We Reminisce: Kobe’s 2 Weeks Of 50-Point Destruction In 2007

When Deron Williams scored 57 points on Sunday against Charlotte, it did a couple things: reminded us how bad the Bobcats are, and took us back to 2007.

Only five years past, that season can seem like forever ago. What do you remember from it? Is it San Antonio beating Cleveland for the title in a Finals decried as one of the most unwatchable in history?

Trick question. You shouldn’t remember that, and it’s not what Williams’ huge night — the 27th performance of at least 57 points, by 14 players, since 1985 — spurred the memory of.

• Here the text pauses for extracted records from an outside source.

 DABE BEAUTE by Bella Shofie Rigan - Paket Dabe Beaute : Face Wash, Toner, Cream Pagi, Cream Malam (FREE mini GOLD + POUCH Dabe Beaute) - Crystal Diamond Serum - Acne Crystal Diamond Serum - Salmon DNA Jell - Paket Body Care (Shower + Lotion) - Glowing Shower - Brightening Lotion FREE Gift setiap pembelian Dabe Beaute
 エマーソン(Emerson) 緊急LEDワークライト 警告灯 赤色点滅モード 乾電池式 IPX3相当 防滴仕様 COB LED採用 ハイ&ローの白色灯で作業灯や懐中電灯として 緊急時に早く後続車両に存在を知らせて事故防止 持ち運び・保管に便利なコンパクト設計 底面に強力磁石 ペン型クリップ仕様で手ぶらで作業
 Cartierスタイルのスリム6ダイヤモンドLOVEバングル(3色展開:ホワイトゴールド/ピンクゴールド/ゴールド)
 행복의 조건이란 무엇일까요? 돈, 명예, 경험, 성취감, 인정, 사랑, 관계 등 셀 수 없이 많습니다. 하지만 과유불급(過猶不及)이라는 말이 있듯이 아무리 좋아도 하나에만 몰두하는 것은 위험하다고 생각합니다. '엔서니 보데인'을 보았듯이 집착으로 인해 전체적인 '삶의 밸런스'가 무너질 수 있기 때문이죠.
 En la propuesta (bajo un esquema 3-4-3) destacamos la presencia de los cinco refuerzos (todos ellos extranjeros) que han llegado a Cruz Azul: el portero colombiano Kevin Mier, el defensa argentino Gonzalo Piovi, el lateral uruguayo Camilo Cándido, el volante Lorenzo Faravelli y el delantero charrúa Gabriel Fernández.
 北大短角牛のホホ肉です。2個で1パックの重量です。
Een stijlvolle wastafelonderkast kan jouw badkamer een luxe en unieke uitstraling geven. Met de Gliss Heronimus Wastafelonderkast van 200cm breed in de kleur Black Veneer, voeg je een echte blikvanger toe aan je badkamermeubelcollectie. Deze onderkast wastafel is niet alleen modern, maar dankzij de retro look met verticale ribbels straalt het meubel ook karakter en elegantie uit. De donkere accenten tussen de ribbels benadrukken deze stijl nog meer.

No, that season was about two weeks of destruction courtesy of Kobe Bean Bryant. Even given that Bryant had three rings by that time, and thus enormous expectations, it makes the Jeremy Lin fortnight look almost pedestrian. You want March Madness? He delivered.

To summarize the unsummarizable, here’s what Bryant did: From March 16 to March 23, he scored at least 50 in four straight games, including busting the 57-point mark by dropping 65 on Portland and 60 at Memphis six days apart. After each of those outbursts were 50-pointers against Minnesota and New Orleans. Three games after his last 50-pointer against the Hornets, Bryant scored 53 for good measure against Houston on March 30.

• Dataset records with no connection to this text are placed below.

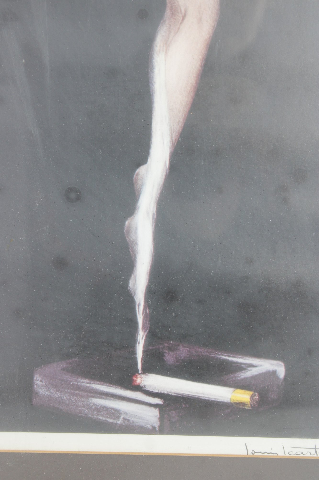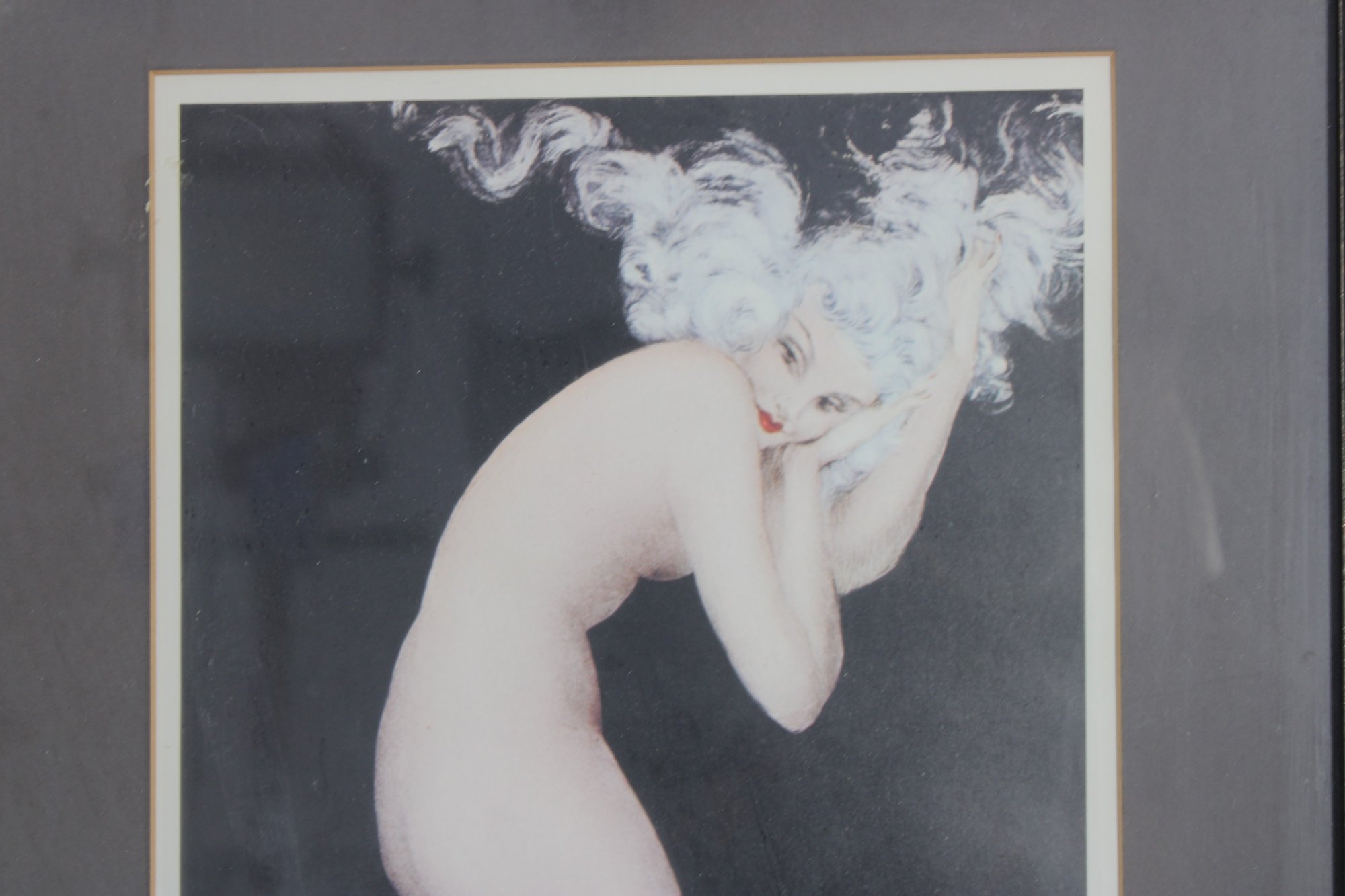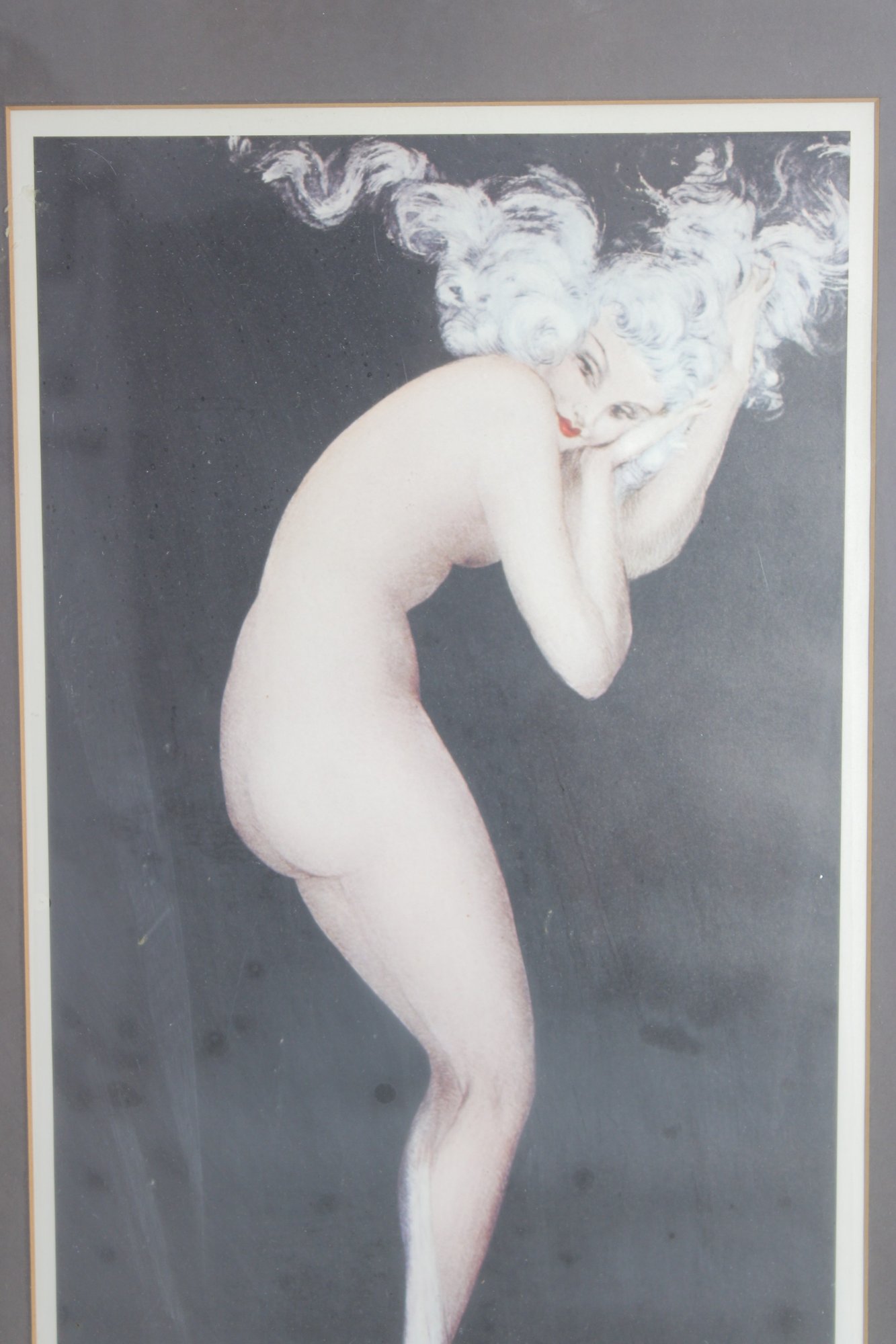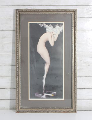 Louis Icart style print featuring a slender nude female figure posed gracefully while holding a cigarette, rendered in a classic Art Deco aesthetic. The composition is both sophisticated and provocative, capturing the glamour and sensuality associated with early 20th-century Parisian art.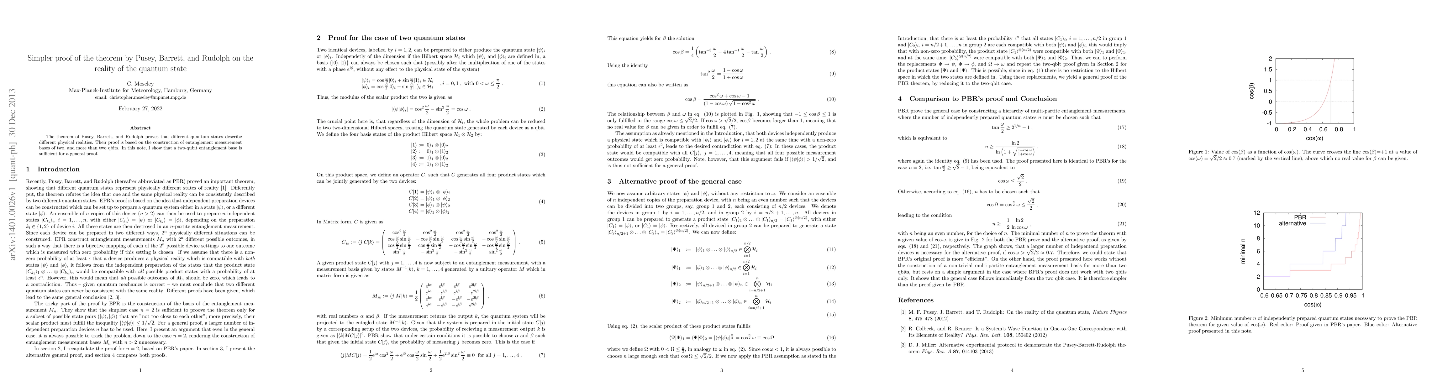 The theorem of Pusey, Barrett, and Rudolph proves that different quantum states describe different physical realities. Their proof is based on the construction of entanglement measurement bases of two, and more than two qbits. In this note, I show that a two-qubit entanglement base is sufficient for a general proof.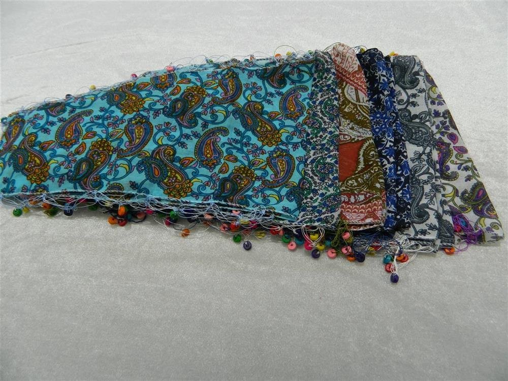 Desenli Kenarı Ahşap Boncuk İşlemeli Fular Şal 12 Adet 2291mp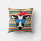 Add some fun and color with a modern hipster cow in sunglasses with red bandana on a multicolor striped background.

Against Portland his fadeaway three iced the win in overtime and got him to 63.

Here’s him going for 60 against the Grizz, where he went 20-of-37 from the field.

Since 1985 — and I’m using that date as a baseline because it’s as far back as basketball-reference.com’s game-log data goes — no one has matched a scoring streak quite like Bryant’s. It goes without saying you need to be efficient to pack in that many points in a game, but Bryant shot no lower than 49 percent in those four games. The most turnovers he had in that stretch was three, while playing at least 44 minutes.

It wasn’t chance that Williams scored his milestone game against Charlotte, the team that has the league’s worst point-differential and its fourth-worst opponent field-goal percentage. Even though the Nets’ breakout was the only game of even at least 40 points a player has had against the Charlotte D this year, it seems like it was only a matter of time. It was, however, fortuitous considering their owner, Michael Jordan, has a little perspective on big games himself.

Jordan had three games in a row of 50 in April of 1987, including a 61 in the season’s penultimate game.

Fast forward and you’ve got two more streaks to consider. Antawn Jamison had a two-game streak in 2000 and Allen Iverson had a two-game streak in 2004, too.

Williams plays Miami tonight, and if the All-Star doesn’t go for half a hundred again, it won’t diminish his stature as one of the NBA’s top three point guards currently. It only makes Bryant’s streak even more notable.

Where does Kobe’s streak rate in NBA history among the best scoring runs?